Blu-ray extras include new interviews with producer Al Ruban and co-star Jenny Runacre; the 2009 program The Story of Husbands — A Tribute to John Cassavetes; and a 1970 episode of The Dick Cavett Show featuring Cassavetes, Gazzara and Falk.
THEY CAME FROM BEYOND SPACE (1967). Any film in which character actor Michael Gough receives billing as “Master of the Moon” should at least be good for a soupçon of entertainment, but this adaptation of a book with a much more colorful title (The Gods Hate Kansas) is too dull and derivative to stir much interest in any direction. A clumsy combo of Invasion of the Body Snatchers and the Quatermass trilogy, this finds extra-terrestrial invaders taking over the bodies of earthlings for some mysterious purpose; the only one who can stop them is Dr. Temple (Robert Hutton), who’s immune to their powers thanks to the metal plate in his head. Even at 85 minutes, this gets bogged down with repetitious scenarios; the makeup and visual effects work isn’t so hot, either.
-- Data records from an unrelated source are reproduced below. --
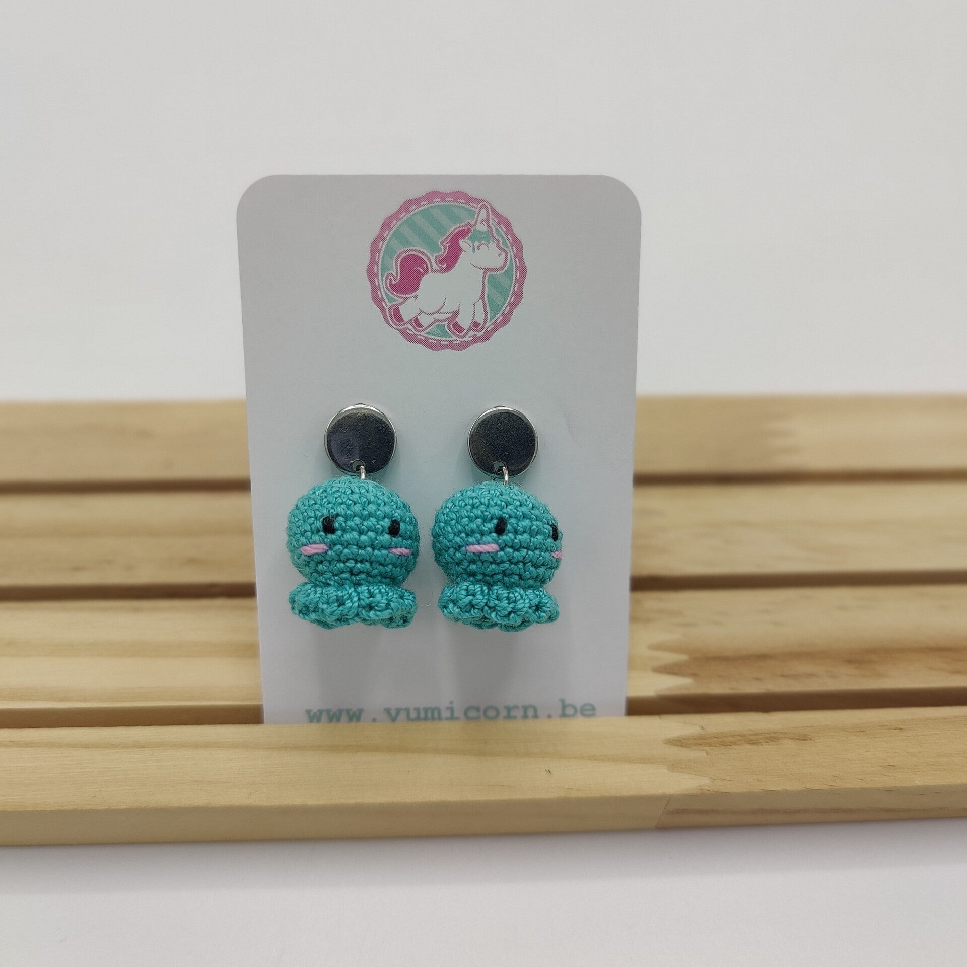Magnifiques boucles d'oreilles en forme de poulpes. Ils ont été soigneusement crocheté à la main avec du fil en coton.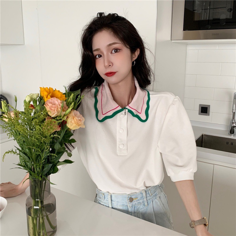 クロスボーダー 2025 tシャツ半袖女性の夏のポロ襟ホットガールショートニットコントラストカラーパフスリーブトップ女性卸売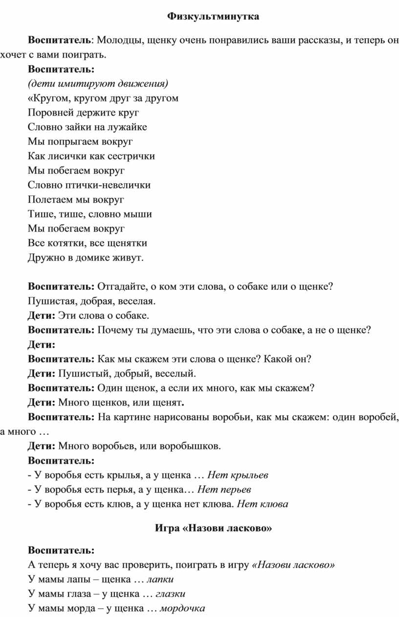 Воспитатель: «Рядом с собакой лежит маленький, пушистый щенок. Он высунул язычок и смотрит на прилетевших воробьев. Чуть дальше стоит другой щенок. Он маленький, пушистый с поднятым кверху хвостиком. Он тоже смотрит на прилетевших воробьев».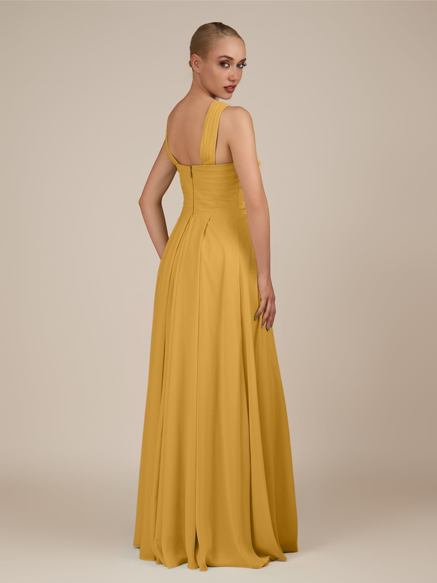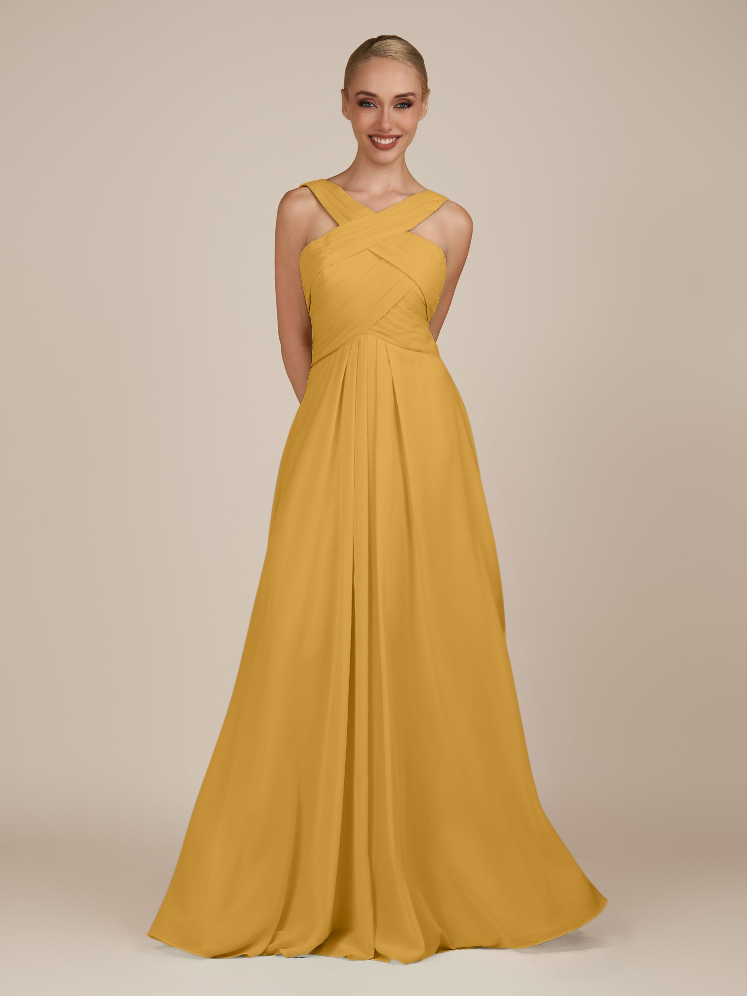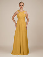 Sharlie | Marigold - A Line Chiffon Halter Neck Long Bridesmaid Dress with Pleats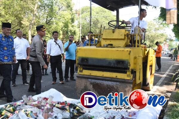 Polres Bondowoso Musnahkan 1.620 Botol Miras Berbagai Jenis

Blu-ray extras consist of audio commentary by film historian David Del Valle and filmmaker David DeCoteau (Creepozoids, Sorority Babes in the Slimeball Bowl-O-Rama), and the theatrical trailer.
TOKYO GODFATHERS (2003). A tragic figure in the world of anime, Satoshi Kon made only four feature films before succumbing to cancer in 2010, at the age of 46. Loosely adapted from the same novel that gave birth to the 1948 John Ford-John Wayne Western 3 Godfathers, Tokyo Godfathers centers on three homeless people — a drunk, a drag queen, and a teenage runaway — who discover a baby tucked away in the trash on Christmas Eve. They elect to find out what happened to her parents, a twisty mission that introduces them to interesting new people while also bringing up faces from their various pasts. Tokyo Godfathers is less fanciful in plot and style than Kon’s other three movies (Perfect Blue, Millennium Actress, and Paprika), yet it compensates with its deep humanism.
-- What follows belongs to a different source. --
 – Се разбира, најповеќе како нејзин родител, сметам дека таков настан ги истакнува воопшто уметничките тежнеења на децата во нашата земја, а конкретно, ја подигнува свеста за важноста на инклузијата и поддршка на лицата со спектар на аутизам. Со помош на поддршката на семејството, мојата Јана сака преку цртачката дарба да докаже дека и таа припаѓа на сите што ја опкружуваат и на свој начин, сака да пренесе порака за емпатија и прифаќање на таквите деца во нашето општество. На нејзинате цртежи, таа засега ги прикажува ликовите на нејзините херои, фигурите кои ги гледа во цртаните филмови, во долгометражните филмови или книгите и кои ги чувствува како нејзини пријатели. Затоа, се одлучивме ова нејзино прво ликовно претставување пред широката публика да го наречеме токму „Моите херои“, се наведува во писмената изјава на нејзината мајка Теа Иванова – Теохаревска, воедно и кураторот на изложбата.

Blu-ray extras include a making-of featurette; Kon’s 2008 short film Ohayo; an art gallery; and trailers.
ZOMBI CHILD (2019). The ideas are often better than the execution in Zombi Child, an unusual horror film written and directed by French filmmaker Bertrand Bonello. One storyline is set in 1960s Haiti and focuses on a man (Mackenson Bijou) who’s brought back from the dead specifically to toil in the fields; the other takes place in modern-day France and centers on a sorority which accepts a Haitian teenager (Wislanda Louimat) into its ranks. Cultural appropriation, white privilege, and French colonialism are among the topics at hand, but the rough-hewn screenplay isn’t always adept at tying the material together in a sensible or satisfactory manner.
DVD extras consist of audio commentary by Bonello as well as writer-director Phillip Montgomery’s 2017 short film Child of the Sky.